Circuit Court of Appeals, Fifth Circuit.

February 3, 1936.

Rehearing Denied February 29, 1936.

*671 H. C. Hughes and J. W. Lockhart, both of Galveston, Tex., for appellant.

Byron Economidy, of Galveston, Tex., for appellee.

Before FOSTER, SIBLEY, and WALKER, Circuit Judges.

SIBLEY, Circuit Judge.

Kibadeaux libeled the steam dredge Burlington in admiralty for a personal injury. On stipulated facts the libel was dismissed for want of jurisdiction.
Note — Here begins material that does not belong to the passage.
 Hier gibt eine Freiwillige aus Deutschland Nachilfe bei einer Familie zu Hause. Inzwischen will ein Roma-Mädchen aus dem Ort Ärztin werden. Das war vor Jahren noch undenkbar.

The question on this appeal is whether a deck hand on a dredge engaged in cleaning the slips in Galveston harbor navigated by ships in interstate and foreign commerce, who was injured while at work by defects in the appliances of the dredge, may libel the dredge in admiralty, or must claim under the Federal Longshoremen's and Harbor Workers' Act (33 U.S.C.A. § 901 et seq.), or under the State Employees Compensation Act (Vernon's Ann.Civ.St.Tex. art. 8306 et seq.); he having applied for compensation under the last-named act and received some of it, but the payment being voluntary and not under an award or by virtue of any contract of settlement. The District Court held that the Texas law applied.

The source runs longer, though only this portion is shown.